» **EXERCISE DIRECTIONS**: The answer should be each line of the records that contains the word "immediately"; please copy them all.

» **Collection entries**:
:::
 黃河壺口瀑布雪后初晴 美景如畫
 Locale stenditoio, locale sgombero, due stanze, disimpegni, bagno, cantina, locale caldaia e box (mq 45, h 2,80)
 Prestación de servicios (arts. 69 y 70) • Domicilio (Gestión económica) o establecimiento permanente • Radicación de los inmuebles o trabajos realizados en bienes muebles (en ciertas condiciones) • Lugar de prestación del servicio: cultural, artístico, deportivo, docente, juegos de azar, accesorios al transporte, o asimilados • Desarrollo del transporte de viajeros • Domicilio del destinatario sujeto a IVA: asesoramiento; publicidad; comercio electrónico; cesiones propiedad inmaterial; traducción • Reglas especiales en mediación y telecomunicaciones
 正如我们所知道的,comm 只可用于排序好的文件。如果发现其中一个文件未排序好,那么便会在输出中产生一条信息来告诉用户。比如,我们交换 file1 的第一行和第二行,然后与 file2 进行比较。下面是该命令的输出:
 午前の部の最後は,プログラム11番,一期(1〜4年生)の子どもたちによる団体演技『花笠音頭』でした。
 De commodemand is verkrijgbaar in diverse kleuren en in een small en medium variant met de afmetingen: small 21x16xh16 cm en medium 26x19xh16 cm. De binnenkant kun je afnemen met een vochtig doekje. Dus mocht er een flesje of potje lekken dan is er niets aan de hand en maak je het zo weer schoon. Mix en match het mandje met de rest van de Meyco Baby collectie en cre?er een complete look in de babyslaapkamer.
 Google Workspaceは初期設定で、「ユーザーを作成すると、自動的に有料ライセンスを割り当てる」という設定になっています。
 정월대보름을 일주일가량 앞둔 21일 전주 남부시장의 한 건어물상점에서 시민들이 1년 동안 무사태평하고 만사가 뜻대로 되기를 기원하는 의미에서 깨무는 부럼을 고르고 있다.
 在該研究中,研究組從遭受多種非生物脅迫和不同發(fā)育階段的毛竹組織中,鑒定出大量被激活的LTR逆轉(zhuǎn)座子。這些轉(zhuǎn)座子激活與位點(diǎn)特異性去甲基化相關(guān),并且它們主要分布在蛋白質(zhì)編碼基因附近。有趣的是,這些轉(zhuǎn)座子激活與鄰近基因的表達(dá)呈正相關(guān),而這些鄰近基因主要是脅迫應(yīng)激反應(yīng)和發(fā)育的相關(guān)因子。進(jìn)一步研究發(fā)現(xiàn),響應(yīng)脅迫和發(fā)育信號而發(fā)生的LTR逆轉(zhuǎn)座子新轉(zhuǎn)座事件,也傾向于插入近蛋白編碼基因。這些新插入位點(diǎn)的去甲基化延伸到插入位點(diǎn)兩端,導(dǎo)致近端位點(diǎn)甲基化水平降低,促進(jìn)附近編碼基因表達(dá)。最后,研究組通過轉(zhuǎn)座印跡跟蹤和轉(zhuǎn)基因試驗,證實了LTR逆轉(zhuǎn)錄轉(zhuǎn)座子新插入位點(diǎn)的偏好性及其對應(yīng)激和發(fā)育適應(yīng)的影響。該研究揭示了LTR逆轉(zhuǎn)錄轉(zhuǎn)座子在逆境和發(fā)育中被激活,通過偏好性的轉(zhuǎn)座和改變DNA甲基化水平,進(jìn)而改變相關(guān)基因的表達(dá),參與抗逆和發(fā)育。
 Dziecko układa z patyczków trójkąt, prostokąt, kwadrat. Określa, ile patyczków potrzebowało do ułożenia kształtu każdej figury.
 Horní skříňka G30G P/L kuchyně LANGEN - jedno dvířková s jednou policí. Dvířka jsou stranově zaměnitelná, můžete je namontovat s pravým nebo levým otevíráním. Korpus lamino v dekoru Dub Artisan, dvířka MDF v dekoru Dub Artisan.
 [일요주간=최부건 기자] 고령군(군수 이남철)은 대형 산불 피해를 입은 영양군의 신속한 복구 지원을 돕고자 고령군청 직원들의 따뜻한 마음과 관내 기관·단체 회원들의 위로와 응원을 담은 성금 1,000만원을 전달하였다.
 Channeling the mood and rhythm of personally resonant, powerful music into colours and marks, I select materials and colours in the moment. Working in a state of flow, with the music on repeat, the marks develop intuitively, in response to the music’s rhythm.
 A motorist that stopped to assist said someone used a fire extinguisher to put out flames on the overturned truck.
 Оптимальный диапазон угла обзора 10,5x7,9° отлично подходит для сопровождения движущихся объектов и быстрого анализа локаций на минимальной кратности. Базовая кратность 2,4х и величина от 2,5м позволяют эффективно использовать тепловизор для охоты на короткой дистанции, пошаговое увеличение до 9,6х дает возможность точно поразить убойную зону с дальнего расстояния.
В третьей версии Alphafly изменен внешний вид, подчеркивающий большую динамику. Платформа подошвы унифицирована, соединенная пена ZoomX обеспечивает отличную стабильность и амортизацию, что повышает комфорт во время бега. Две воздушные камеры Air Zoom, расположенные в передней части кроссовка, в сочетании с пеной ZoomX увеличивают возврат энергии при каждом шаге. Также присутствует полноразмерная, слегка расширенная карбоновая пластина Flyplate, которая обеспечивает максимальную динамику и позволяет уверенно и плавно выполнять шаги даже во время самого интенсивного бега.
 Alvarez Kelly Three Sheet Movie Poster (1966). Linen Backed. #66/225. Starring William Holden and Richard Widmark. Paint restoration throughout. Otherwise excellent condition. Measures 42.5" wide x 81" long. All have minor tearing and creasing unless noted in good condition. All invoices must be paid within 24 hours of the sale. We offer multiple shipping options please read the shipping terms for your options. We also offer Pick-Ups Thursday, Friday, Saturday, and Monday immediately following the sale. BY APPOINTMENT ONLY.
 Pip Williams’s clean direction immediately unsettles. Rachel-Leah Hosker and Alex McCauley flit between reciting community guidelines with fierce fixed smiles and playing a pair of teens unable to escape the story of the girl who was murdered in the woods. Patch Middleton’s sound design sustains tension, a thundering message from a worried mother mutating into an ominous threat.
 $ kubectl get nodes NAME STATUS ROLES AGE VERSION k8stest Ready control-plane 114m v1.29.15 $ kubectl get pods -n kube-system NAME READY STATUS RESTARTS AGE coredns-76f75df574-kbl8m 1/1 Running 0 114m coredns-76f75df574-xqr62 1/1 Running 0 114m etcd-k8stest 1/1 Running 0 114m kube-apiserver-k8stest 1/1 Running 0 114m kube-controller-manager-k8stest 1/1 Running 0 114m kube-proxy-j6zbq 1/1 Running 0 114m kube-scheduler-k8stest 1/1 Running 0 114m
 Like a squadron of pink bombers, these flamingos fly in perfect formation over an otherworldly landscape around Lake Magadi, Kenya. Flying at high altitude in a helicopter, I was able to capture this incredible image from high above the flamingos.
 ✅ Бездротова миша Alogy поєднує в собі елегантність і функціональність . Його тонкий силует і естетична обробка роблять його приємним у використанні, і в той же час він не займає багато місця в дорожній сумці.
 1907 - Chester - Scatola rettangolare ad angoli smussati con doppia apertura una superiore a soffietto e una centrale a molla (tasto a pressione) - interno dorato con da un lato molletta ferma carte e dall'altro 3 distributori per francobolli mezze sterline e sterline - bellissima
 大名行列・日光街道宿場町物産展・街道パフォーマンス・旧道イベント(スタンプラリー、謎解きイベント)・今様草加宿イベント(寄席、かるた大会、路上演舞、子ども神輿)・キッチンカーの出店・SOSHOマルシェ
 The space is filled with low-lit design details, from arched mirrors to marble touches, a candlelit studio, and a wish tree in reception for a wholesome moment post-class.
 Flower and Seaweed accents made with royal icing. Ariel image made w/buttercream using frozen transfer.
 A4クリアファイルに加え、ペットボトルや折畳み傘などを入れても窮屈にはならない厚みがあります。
:::
» **RESPONSE TO THE TASK**:
 Alvarez Kelly Three Sheet Movie Poster (1966). Linen Backed. #66/225. Starring William Holden and Richard Widmark. Paint restoration throughout. Otherwise excellent condition. Measures 42.5" wide x 81" long. All have minor tearing and creasing unless noted in good condition. All invoices must be paid within 24 hours of the sale. We offer multiple shipping options please read the shipping terms for your options. We also offer Pick-Ups Thursday, Friday, Saturday, and Monday immediately following the sale. BY APPOINTMENT ONLY.
 Pip Williams’s clean direction immediately unsettles. Rachel-Leah Hosker and Alex McCauley flit between reciting community guidelines with fierce fixed smiles and playing a pair of teens unable to escape the story of the girl who was murdered in the woods. Patch Middleton’s sound design sustains tension, a thundering message from a worried mother mutating into an ominous threat.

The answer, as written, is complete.